The role of image annotation, combined with the use of polygon annotation, improves computer vision models' performance on tasks like segmentation and object recognition, particularly when high precision is required.
Semantic Segmentation
In semantic segmentation, a class label is assigned to recognize text even in challenging scenarios and detect anomalies at a pixel level. This is more than object-level annotations because each segmented area is assigned a specific label, and annotators ensure consistent labeling to avoid errors in data processing between various object types and the background.
The role of semantic segmentation includes:
An annotator is required to do the following tasks:
After ensuring proper annotation and quality checks, the images are to be exported in COCO or PNG formats.
The semantic segmentation method ensures high-quality datasets for developing complex models that can comprehend and analyze visual data in great detail. It also improves field extraction for automation systems, particularly for non-standard or multinational checks.
The bottom line
Since bank check data extraction has traditionally been a laborious and error-prone process. Now, however, technology is changing to create new products or breakthrough models. Information from checks is becoming more accurate and faster thanks to new techniques like image annotation for training machine learning models.
Processing deposits, confirming transactions, and auditing are just a few uses for the retrieved data. Image annotation improves artificial intelligence models that are incorporated into software and apps, such as one example we discussed above (bank check deposit).
Why Partnering with a Data Annotation Vendor Matters?
The annotation companies better understand the needs and specifications of image annotation projects.

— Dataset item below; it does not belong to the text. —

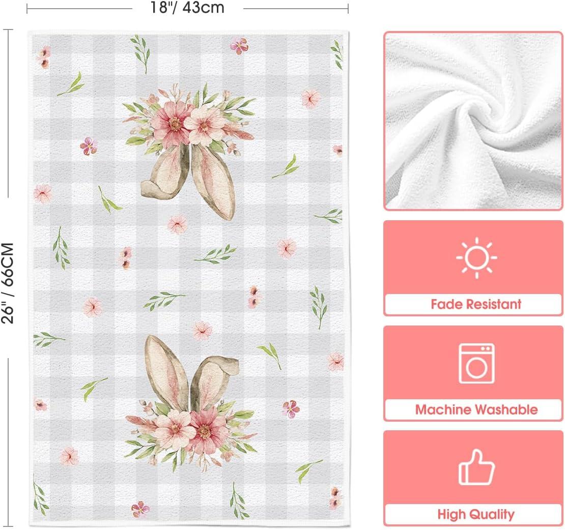 Artoid Mode Bunny Honny Branch Flower Happy Easter Kitchen Towels Dish Towels, 18×26 Inch Seasonal Egg Decoration Hand Towels Set of 4(Beige)

Thus, leveraging their experience is beneficial for data scientists because labeling an image is not just simply categorizing an image; it also entails adding additional information.
So, not only professional work or accuracy in work is needed, but outsourcing will also save the time and cost required to build an in-house team. For example, the annotation task for environmental monitoring may include adding tags to the tree's name, botanical name, soil and weather needs, ideal growing temperature, and more if the project requirements are intricate and call for sharing more details with the model.
That is why, before choosing image annotation services, you should be more careful about what your provider promises to deliver, the annotator's proficiency, and the annotation tools they use, among other considerations.
Conclusion
Image annotation for domain-specific computer vision models is the next big key technology trend, and the timing and caliber of the datasets your provider offers will determine how well your machine learning model performs.
The need for specialization is important here because an expert can annotate any information that helps machines better understand what is contained in an image. Moreover, this incredibly labor-intensive task requires several hours of manual labor.